Liablities
Liabilities are simply the bills that you’re obligated to pay. Whether it’s a credit card bill or mortgage payment, a liability is an amount of money you have to pay back eventually. If you don’t keep track of your liabilities, you may end up thinking that you have more money than you really do.
Here are the lists of some common liabilities. Use it as a model, when you list your own. You should list your liablities according to how soon you need to pay tem. Credit card balances tend to be short-term obligations, while mortgages are long-term.
|
Liabilities |
Amount |
Paying Rate % |
|
Credit Card |
$4000 |
15% |
|
Personal Loans |
$13000 |
10% |
|
Mortgage |
$100000 |
8% |
|
Total liabilities |
$117000 |
|
The first column in the table show the type of debt. Don’t forget to include student loans and auto loans if you have any of these. Never avoid listing a liability because you are embarrassed to see how much you really owe. Be honest with yourself. Doing this helps you improve your financial health.
The second column shows the current value of your liabilities. List the most current balance to see where you stand with your creditors.
The third column reflects how much interest you are paying for carrying that debt. This information is an important reminder about how debt can be wealth zapper. Credit card debt can have an interest rate of 18 percent or more and to add insult to injury, it isn’t even tax deductible. Using a credit card to make even a small purchase cost you if you maintain a balance. Within a year, a $50 sweater at 18 percent costs $59 when you add in the potential interest you pay.

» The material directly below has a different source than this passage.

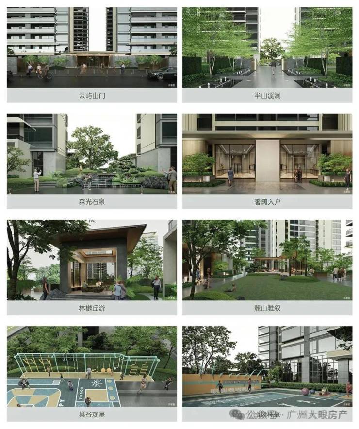 项目园林以“一轴八苑”的布局打造,人行主入口两侧为礼仪中轴和艺术水景,与云山互为呼应。园内设有林泉会客厅、休闲平台、儿童游乐园等,为社区全年龄段的业主提供会客社交、休闲娱乐、邻里交流等各种的需求。
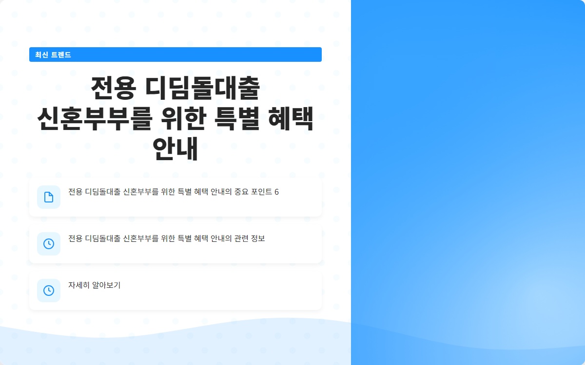 신혼부부를 위한 전용 디딤돌 대출, 특별한 혜택을 누려보세요!

If you compare your liabilities in the table and your personal assets on the table on the last article, you may find opportunities to reduce the amount you pay for interest. Say for example, that you pay 15 percent on credit card balance of $4000 but also have a personal assets of $5000 in a bank saving account that’s earning 2 percent in interest. In that case, you may want to consider taking $4000 out of the saving account to pay off the credit card balance. Doing so saves you $520; the $4000 in the bank was earning only $80 (2% of $4000) while you were paying $600 on credit card balance (15% of $4000)
If you can’t pay off high-interest debt, at least look for ways to minimize the cost of carrying the debt. The most obvious ways include the following:
Replacing high interest cards with low interest cards, Many companies offer incentives to consumers including signing up for cards with favorable rates that can used to pay off high-interest cards.
Replacing unsecured debt with secured debt. Credit card and personal loan are unsecured; therefore they have higher interest rates because this type of debt is considered riskier for the creditor. Sources of secured debt provide you with a means to replace your high-invest debt with lower interest debt. You get lower interest rates with secured debt because it’s less risky for the creditor.
The year 2004 was the eighth consecutive year that personal bankruptcies surpassed the million mark in United Sates. Corporate bankruptcies were also at record levels. Make a diligent effort to control and reduce your debt, or the debt can become too burdensome. If you don’t, you may have to sell your stocks just to stay liquid. Remember, Murphy’s Law states that you will sell your stock at the worst possible moment! Don’t’ go there.